The Hong Kong-listed unit of state-owned conglomerate Citic Group said it would write down $800 million to $1 billion on the value of its Sino Iron project in Australia for the financial year ended March, according to a statement on Wednesday. That was down from impairments of over $1.5 billion in 2015 and $1.4 billion in 2014.
The impairment will reduce Citic Ltd.’s 2016 profits to be reported in March, the company said, without providing more specifics. It added the estimated impairment factored in the recent rise in iron ore prices, but cautioned that independent forecasts of long-term prices have been lowered.
The Sino Iron project, at Cape Preston, Western Australia, was launched in 2006 when soaring Chinese steel production was pushing Australian iron ore prices to new heights.

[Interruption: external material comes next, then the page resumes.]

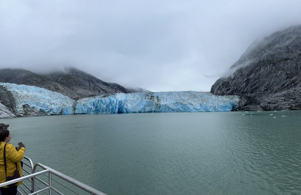 We set an early alarm for 5 AM because our excursion to the Endicott Arm Fjord, and Dawes glacier started at 7:15 AM. This glacier is located at the end of a glacier-carved fjord called Endicott Arm, which is off of the Stephens Passage seaway in southern Alaska. It’s protected within the Tongass National Forest, Dawes Glacier was originally named “Young Glacier” in 1880 by John Muir. In 1892, the U.S. Coast and Geodetic Survey changed it to its current name in honor of Massachusetts lawyer and statesman Henry Laurens Dawes. Over 600 feet tall and around one mile broad, Dawes Glacier is a mighty remnant of an even bigger ice block that forged Endicott Arm Fjord thousands of years ago. Consisting of two massive glaciers and combined by a medial moraine at the middle, Dawes Glacier covers 250 feet of ice underneath the surface of the glacier.

But the project quickly became problematic as it ran years behind schedule and its investment budget soared by more than five times the original $3 billion amount. At the same time, slumping prices for iron ore also undermined the project’s profitability.
The first ship loaded with ore powder from the project arrived in China in December 2013, more than four years behind the original schedule.
Citic said the last of the project’s six production lines began producing last May, and the mine exported 11 million wet metric tons of iron ore concentrate in 2016. The company vowed to ramp up output, improve efficiency and reduce operation costs at the mine.
Iron ore prices began to firm last year amid predictions that demand from China would increase. The spot price of iron ore delivered to China’s Qingdao port rose to $92.23 per ton as of Feb. 14, the highest since August 2014.
The world’s largest iron ore producers including Rio Tinto and BHP Billiton have increased supplies since the start of 2017, and the Chinese market has absorbed almost all the new supply.